→ **Task requirements**: Among the records below, find each line containing the word "these" and copy it.

----------------

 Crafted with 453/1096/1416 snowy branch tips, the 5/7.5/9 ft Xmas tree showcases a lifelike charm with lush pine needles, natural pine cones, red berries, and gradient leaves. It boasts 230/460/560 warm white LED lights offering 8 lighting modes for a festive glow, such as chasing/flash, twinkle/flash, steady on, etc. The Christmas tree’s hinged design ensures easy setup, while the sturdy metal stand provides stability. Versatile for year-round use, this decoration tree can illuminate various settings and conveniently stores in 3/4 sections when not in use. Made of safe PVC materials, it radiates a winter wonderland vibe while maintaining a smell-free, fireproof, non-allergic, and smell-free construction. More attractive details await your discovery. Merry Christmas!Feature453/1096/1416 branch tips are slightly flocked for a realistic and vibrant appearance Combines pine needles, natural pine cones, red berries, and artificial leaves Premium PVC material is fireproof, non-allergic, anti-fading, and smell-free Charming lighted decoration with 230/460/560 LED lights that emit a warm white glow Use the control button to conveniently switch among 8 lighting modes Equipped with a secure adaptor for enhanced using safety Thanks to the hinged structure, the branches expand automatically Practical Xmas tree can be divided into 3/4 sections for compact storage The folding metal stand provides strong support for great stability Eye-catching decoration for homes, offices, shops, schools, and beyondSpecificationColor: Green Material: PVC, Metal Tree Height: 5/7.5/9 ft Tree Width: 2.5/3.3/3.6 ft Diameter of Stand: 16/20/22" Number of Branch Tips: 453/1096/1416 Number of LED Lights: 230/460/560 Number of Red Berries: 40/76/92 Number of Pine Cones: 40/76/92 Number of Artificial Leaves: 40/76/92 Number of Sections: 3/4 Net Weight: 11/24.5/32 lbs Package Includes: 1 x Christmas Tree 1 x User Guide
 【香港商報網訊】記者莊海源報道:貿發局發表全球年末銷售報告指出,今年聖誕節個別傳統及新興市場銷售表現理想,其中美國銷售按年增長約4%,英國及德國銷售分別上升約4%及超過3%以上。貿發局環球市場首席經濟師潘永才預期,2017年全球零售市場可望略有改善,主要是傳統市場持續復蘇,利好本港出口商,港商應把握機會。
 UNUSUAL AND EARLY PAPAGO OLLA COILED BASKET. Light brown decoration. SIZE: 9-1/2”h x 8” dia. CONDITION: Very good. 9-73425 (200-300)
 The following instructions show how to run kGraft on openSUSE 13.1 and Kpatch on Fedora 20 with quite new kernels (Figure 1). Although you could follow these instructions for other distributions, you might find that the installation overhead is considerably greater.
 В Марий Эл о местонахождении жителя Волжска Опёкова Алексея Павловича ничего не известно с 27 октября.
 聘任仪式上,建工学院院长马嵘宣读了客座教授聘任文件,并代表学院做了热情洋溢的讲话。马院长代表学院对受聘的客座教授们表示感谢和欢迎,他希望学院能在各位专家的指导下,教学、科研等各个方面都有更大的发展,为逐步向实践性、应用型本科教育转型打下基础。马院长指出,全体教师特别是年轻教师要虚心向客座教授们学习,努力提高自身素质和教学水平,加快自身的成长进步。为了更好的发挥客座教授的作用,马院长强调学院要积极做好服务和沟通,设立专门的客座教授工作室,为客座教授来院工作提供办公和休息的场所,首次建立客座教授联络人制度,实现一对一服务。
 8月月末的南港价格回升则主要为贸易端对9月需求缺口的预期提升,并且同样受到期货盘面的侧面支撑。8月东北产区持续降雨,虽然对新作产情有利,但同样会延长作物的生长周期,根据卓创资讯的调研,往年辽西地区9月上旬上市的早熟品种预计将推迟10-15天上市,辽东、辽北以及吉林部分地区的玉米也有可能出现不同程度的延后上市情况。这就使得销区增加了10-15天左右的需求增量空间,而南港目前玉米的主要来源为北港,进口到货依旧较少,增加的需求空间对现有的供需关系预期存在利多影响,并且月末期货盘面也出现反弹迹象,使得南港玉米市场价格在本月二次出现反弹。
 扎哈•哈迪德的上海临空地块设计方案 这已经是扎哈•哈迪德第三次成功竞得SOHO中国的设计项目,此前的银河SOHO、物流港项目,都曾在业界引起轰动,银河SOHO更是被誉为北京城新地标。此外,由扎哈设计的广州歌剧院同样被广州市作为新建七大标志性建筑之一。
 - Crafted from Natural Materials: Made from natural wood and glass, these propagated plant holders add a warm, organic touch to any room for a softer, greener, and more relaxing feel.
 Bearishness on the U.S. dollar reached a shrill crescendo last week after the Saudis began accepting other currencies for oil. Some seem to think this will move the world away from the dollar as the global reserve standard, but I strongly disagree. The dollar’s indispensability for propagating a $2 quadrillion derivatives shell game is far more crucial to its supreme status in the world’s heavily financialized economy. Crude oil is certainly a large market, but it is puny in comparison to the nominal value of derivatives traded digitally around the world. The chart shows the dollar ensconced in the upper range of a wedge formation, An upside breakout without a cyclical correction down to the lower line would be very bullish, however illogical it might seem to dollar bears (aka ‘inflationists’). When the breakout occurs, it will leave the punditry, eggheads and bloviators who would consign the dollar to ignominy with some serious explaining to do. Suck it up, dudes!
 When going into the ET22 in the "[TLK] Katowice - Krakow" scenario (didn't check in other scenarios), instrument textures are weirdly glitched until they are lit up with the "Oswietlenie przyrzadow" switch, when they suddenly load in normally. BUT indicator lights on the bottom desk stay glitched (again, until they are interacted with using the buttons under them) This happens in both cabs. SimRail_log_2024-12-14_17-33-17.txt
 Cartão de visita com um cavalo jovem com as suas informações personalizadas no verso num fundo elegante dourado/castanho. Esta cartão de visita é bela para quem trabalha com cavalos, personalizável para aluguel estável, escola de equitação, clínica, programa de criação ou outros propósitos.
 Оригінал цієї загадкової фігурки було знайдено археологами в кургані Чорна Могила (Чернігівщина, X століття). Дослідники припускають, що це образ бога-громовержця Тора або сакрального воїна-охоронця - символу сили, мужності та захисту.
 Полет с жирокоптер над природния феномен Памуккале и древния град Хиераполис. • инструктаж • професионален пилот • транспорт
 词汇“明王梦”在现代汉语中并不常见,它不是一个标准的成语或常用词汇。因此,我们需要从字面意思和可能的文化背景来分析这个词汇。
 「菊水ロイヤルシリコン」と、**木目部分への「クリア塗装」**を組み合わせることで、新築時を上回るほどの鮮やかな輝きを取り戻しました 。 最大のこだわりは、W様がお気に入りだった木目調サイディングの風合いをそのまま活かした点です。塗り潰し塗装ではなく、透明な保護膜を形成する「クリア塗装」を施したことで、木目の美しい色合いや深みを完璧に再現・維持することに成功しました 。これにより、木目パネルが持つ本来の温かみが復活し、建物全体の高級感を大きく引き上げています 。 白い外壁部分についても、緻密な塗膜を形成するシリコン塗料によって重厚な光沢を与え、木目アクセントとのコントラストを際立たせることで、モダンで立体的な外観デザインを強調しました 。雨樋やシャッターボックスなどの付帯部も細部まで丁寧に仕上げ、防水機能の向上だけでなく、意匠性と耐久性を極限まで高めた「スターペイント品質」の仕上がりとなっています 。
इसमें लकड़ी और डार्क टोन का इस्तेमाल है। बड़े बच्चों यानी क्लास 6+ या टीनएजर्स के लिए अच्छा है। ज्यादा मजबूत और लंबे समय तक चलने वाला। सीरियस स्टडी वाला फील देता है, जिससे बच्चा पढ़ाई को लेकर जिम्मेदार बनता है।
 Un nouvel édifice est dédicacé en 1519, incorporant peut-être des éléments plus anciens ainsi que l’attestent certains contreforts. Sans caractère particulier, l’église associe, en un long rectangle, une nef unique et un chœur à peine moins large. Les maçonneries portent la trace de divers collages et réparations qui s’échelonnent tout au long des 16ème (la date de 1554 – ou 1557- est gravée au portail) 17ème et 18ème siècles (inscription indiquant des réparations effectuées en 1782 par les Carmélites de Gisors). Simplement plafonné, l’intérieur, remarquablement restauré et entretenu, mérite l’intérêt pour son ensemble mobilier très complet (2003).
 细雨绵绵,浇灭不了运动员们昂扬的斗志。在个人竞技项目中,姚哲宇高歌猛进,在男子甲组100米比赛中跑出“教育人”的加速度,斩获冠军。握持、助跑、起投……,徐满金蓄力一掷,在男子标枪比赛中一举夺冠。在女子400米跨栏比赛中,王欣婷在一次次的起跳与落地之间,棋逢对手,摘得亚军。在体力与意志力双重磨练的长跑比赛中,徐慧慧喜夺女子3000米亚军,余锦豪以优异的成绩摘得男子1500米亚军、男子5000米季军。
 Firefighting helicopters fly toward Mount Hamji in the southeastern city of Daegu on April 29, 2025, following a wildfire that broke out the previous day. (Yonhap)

----------------

→ **Exercise output**:
 The following instructions show how to run kGraft on openSUSE 13.1 and Kpatch on Fedora 20 with quite new kernels (Figure 1). Although you could follow these instructions for other distributions, you might find that the installation overhead is considerably greater.
 - Crafted from Natural Materials: Made from natural wood and glass, these propagated plant holders add a warm, organic touch to any room for a softer, greener, and more relaxing feel.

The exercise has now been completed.